Columnist Dorothy Wilhelm
Columnist Dorothy Wilhelm Courtesy of Dorothy Wilhelm

My Number 2 Son (birth order, not quality of life) treated me to lunch at a delightful Thai restaurant in Olympia last week. We enjoyed reminiscing about our years in Thailand.

In honor of those years, Number 2 had ordered a four-star-hot Thai dish, but when the Pad Thai arrived, it was still not hot enough for his palate.

He asked for pepper sauce and the server, clearly offended, said very firmly, “No pepper sauce because we are south of Seattle, and only people north of Seattle eat hot food.” Now that is information you don’t get just everywhere. We didn’t get the pepper sauce.

Things often don’t work out as we expect. For instance, with Mothers Day on the way, I can’t help remembering that Anna Jarvis, the founder of Mother’s Day, was bitterly disappointed at the way it was commercialized.

I imagine you are shaking your head in a rather puzzled way and saying, “And how is this related to pepper sauce?” Well, it isn’t yet, but hang on. We’ll get there.

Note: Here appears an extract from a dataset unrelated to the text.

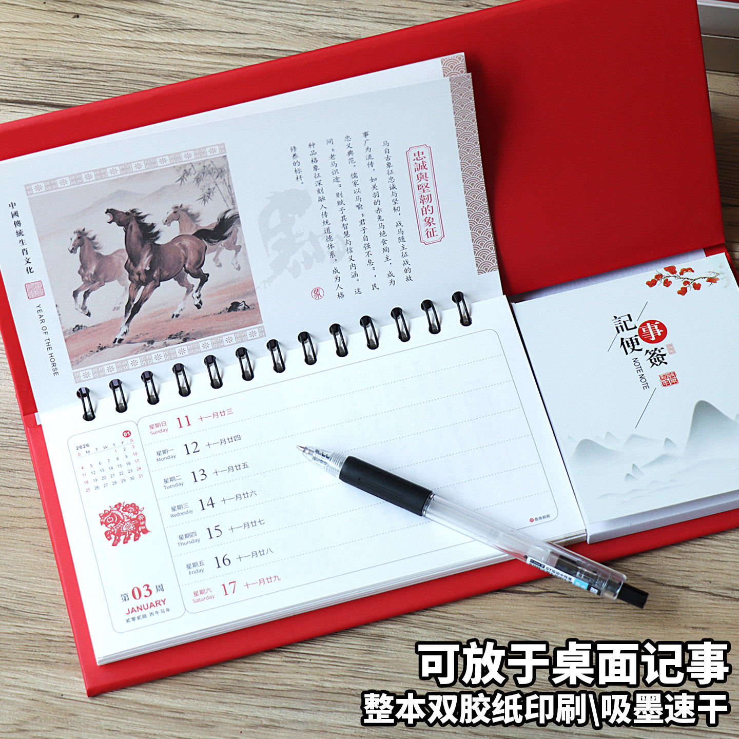 📚 2026周历 马年记事台历 桌面国风日历便签本企业广告定制商务打卡

Jarvis’ original observance has become a huge commercial event. She envisioned a simple celebration.

I’ve got to admit that those original Mother’s Day Cards and stories created for my first Mother’s Days were unforgettable. I still have the impassioned poetry of my First Kid’s handmade card: “Where would I be without my mother? Out in the cold with no hot soup. That’s where.” Eat your heart out, Hallmark.

This year that same First Kid, grown up and a health care professional, is coming for Mother’s Day with a collection of nearby siblings. First Kid does not eat peppers.

It’s always been important to get home for Mother’s Day, and that was one of the things Jarvis really wanted, along with those crayoned homemade cards: visits. But even a simple visit doesn’t always go well.

I remember visiting my Grandmother in Oregon. We sat on the tiny back porch waiting for her youngest son to come home. That would have been my Uncle Lou.

My Uncle Lou hadn’t come home from the rodeo where he performed as a trick bull rider. Word had gotten out that he had been injured. My Grandma took to sitting in her room and crying.

Rodeos were really big in Oregon — even today there are two dozen rodeos a year. But he should have been home by now. I was about 16 and suffering from my usual battle with poison oak. It would be my last summer visit to my Grandma’s ranch.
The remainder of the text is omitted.